The in house DJ, playing a quick set between mainstage performances, threw down a few 80s tunes for kicks to get the audience moving. Then it was time to get down to business. Quickly switching the mood he ripped through a few Jay-Z classics as several of front rows lit up their blunts and prepared for Shabazz Palaces, local avant-rap duo fronted by MC Palaceer Lazaro (formerly of Digable Planets and known more famously as Ishmael “Butterfly” Butler) to take the stage.
Unfortunately most of the concert was plagued by an obvious imbalance of sound. Fans were dismayed as the bass sludged, the percussion sharply attacked but Ish could hardly be heard. Throughout the first three quarters of the show this problem continued, leading the audience to groan and shout at the guy on the sound board to “turn Ish up!” or have the two vocalists “switch mics!”.
Luckily, Ish finally achieved full volume on his microphone and delivered his infamous nasally alto flow over the last few songs. With the critical momentum of the new self-titled album throttling Seattle hip-hop heads into Shabazz fandom, plenty of show-goers likely came to witness his crisp and dynamic rap style. Once the downtempo beats shifted to create space for their MC, all was well--hands went up and heads bopped in unison.

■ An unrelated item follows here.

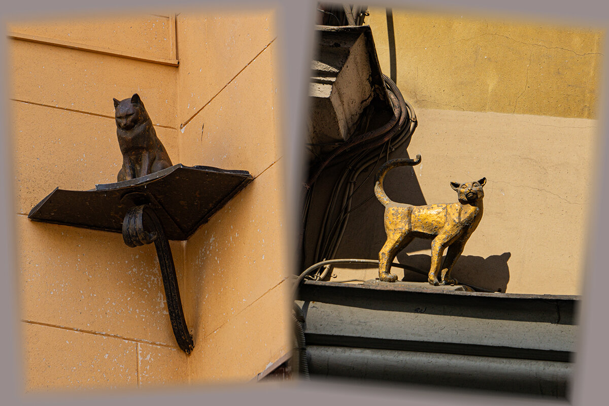 Фигурки Котов на фасадах домов в городах России

Shabazz Palaces may be labelled avant-rap for their distaste for the usual boom-bap and lyrical content that the mainstream is used to but from their live performance, it’s clear they’re influenced by the current wave of rap. The drawn out bass notes were reminiscent of any hip-hop show from the Cool Kids to Del Tha Funkee Homosapien and while these artists aren’t chart toppers, they’re certainly not avant-garde. And Ish’s flow really doesn’t differ much from any of his peers or predecessors. Indeed, the minimal but high volume beats that critics often describe as twisted and experimental sounded drastically less so live--they were cool and catchy. The only element of the performance that seemed a bit off kilter was the MC taking his position behind a table in order to tweak a few knobs and vocode occasionally. But this was something I quickly got used to as he maintained smoothly in motion throughout the set. Shabazz Palaces are well worth checking out live. They’re energetic, interesting lyrically and their slow and minimal beats knock harder than most underground rap artists trying to achieve similar goals.